Por último, está la irracionalidad con que se trata a los líderes sociales. Lejos de respetarlos y de tratar de entender sus razones, se los insulta y amenaza culpándolos de la inconformidad social y de “vividores y chantajistas” que, a pretexto de luchar por los pobres, se enriquecen a su costa. En una pirueta de irracionalidad increíble, convierten a la medicina en la causa de la enfermedad y la muerte del enfermo, y el trato que se da a los dirigentes antorchistas en todo el país me exime de más pruebas al respecto. En éste contexto es como se explica el caso Sinaloa: detrás del plantón están casi dos años de sordera oficial para atender la demanda de 300 familias sin techo. No hace ni una semana que supimos la inaudita noticia de que, una manifestación convocada por el Ayuntamiento de Apatzingán, Michoacán, en demanda de seguridad, se convirtió espontáneamente en apoyo a un “capo de la droga” (así lo llamó el gobierno) recientemente abatido por la fuerza pública.
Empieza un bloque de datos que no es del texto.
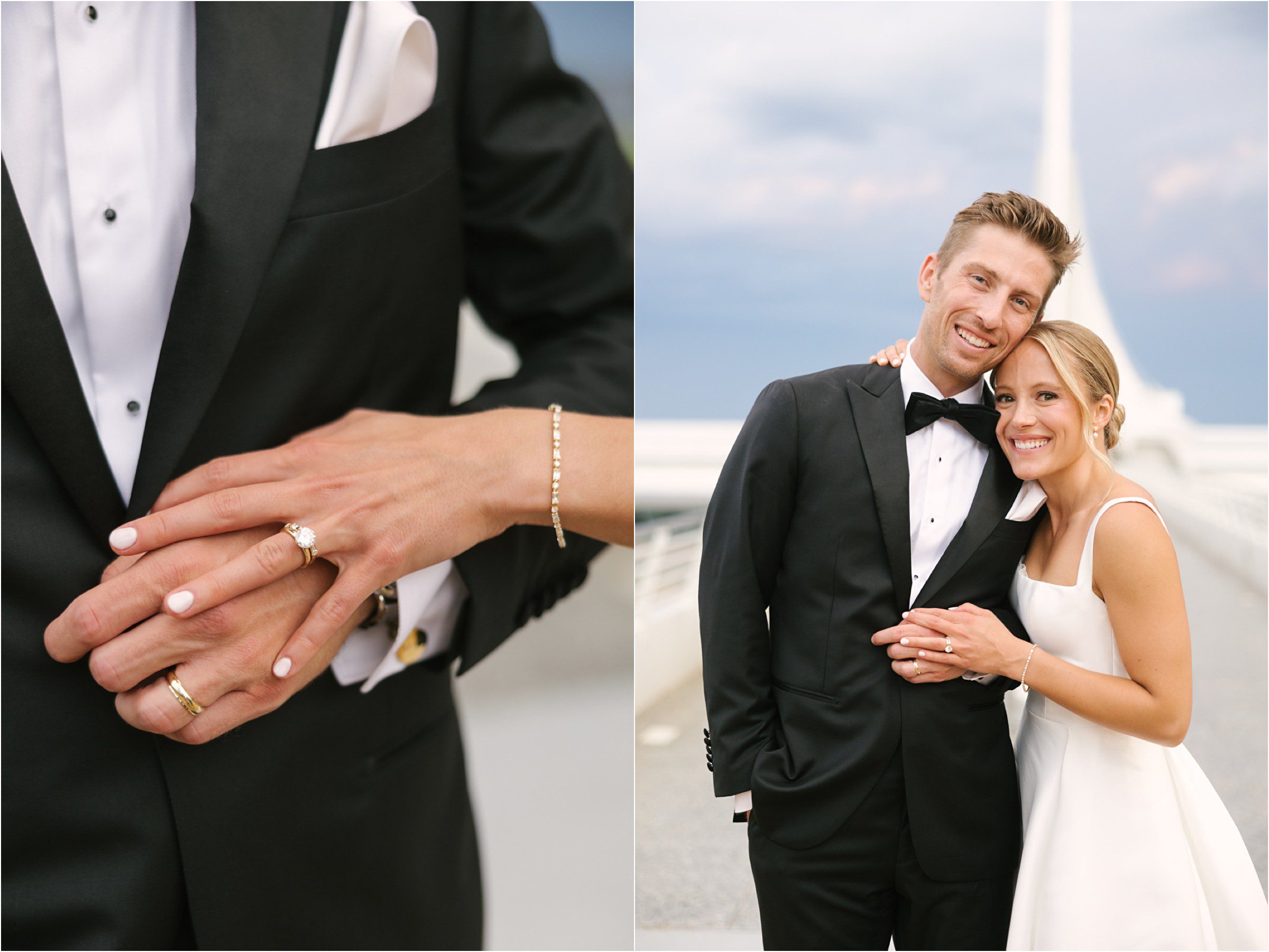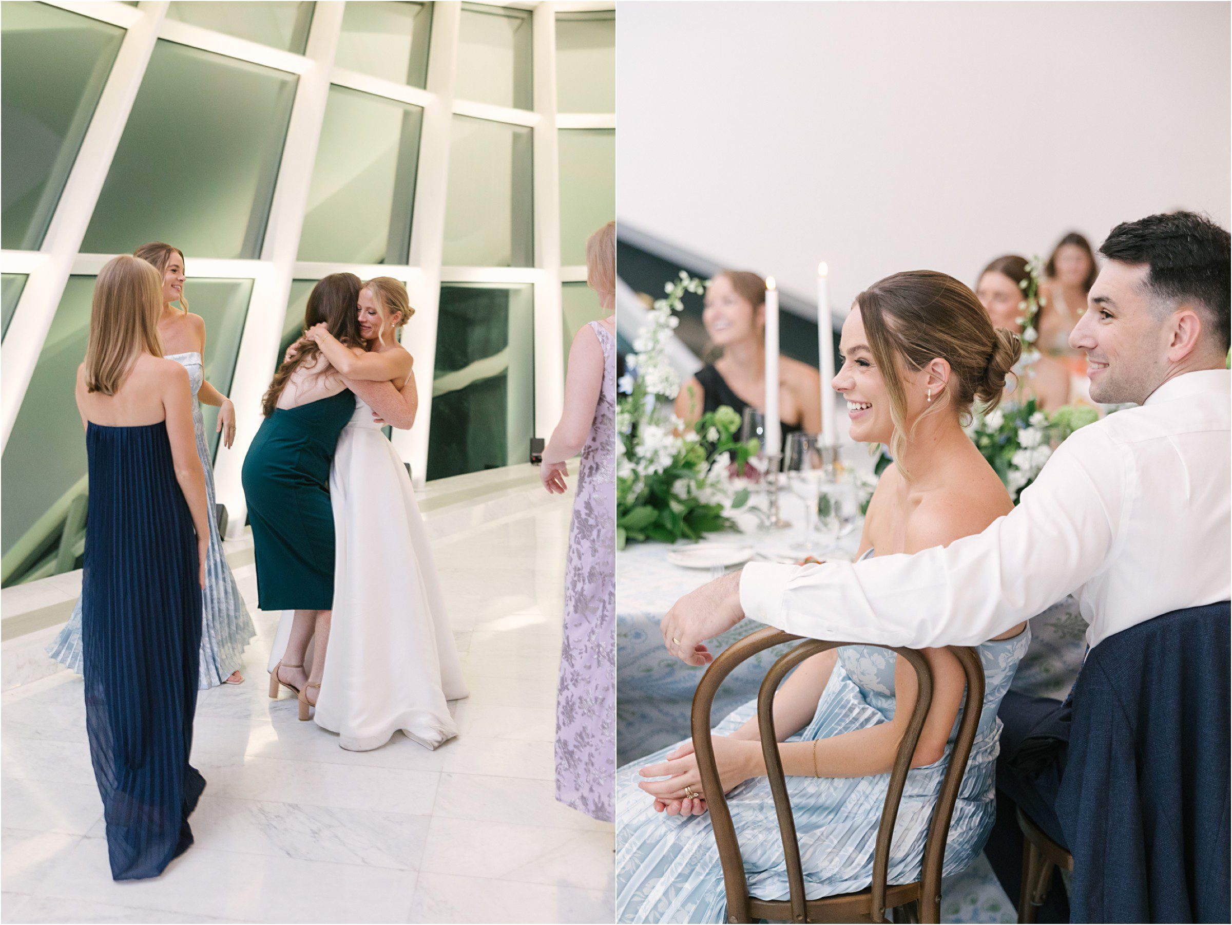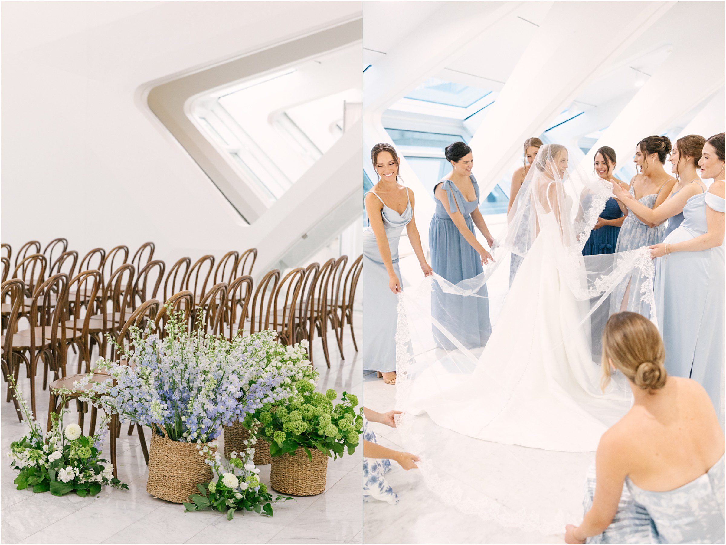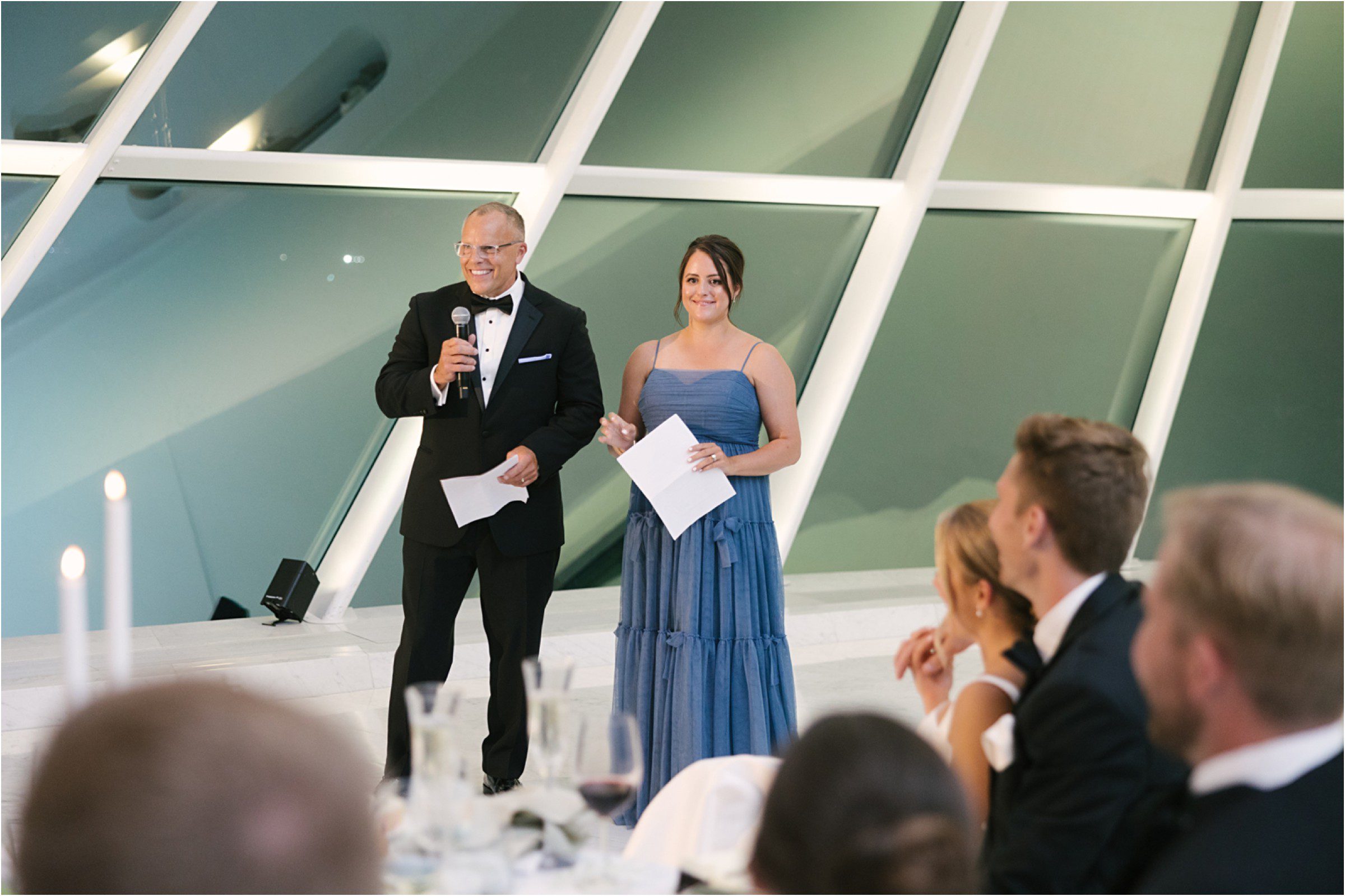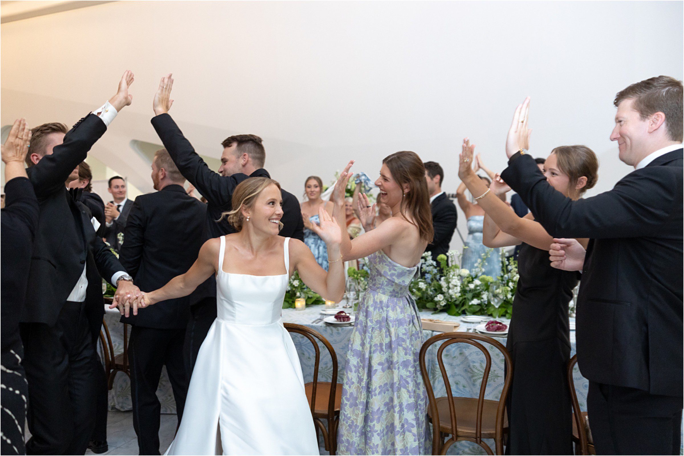 Brooke & Matt are joy incarnate. Their friends adore them, their parents practically beam when looking at them, and the two of them are hearts-on-the-sleeve-dance-like-no-one-is-watching kind of people. And man oh man, a wedding day filled with that kind of delight and love is exactly what a photographer needs to fill the proverbial tank and stay grounded in the moment on a wedding day. Theirs was an uncharacteristically stormy summer day but we made the most of our dry minutes and they got to see one another for the first time on the roof of Hotel Metro and take in Lake Michigan views with their wedding party. Even when the sun declined to shine outside they brought the summer air in with them via a design by Jane Kelly Floral that managed to make The Milwaukee Art Museum even more gorgeous. You’ll have to forgive how many detail shots there are in this post, but seriously, every delicious bluebell, sneak peek of Brooke’s sky high heels, and focus on the texture and pattern of the day just breathes life into my soul so let’s go with it. In the end our collective reward is one of the most beautiful stormy sunset sessions we’ve ever photographed and the happiest dancing grandpa you ever did see.
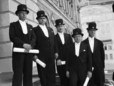 Medicine doktorer på Universitetshusets trappa, promoverade vid Uppsala universitet - Gunnar Berg, Svante Annersten, Egon Norinder, Mareus Diamant och Gunnar Redell

Todos los medios informativos se escandalizaron por el hecho y se preguntaron angustiados qué está pasando en el país. Creo que están, que estamos en lo correcto todos los que vemos en esto un signo ominoso, peligroso en extremo para el futuro de nuestra democracia. Pero lo que ya no me parece tan justificado es el desconcierto y la duda sobre las causas del fenómeno: es la política de inequidad social, de menosprecio y represión a las demandas populares por parte de los gobernantes, lo que está ocasionando este vuelco de la opinión pública, y lo que pasa en Sinaloa es un pequeño botón de muestra. El que tenga oídos para oír, que oiga.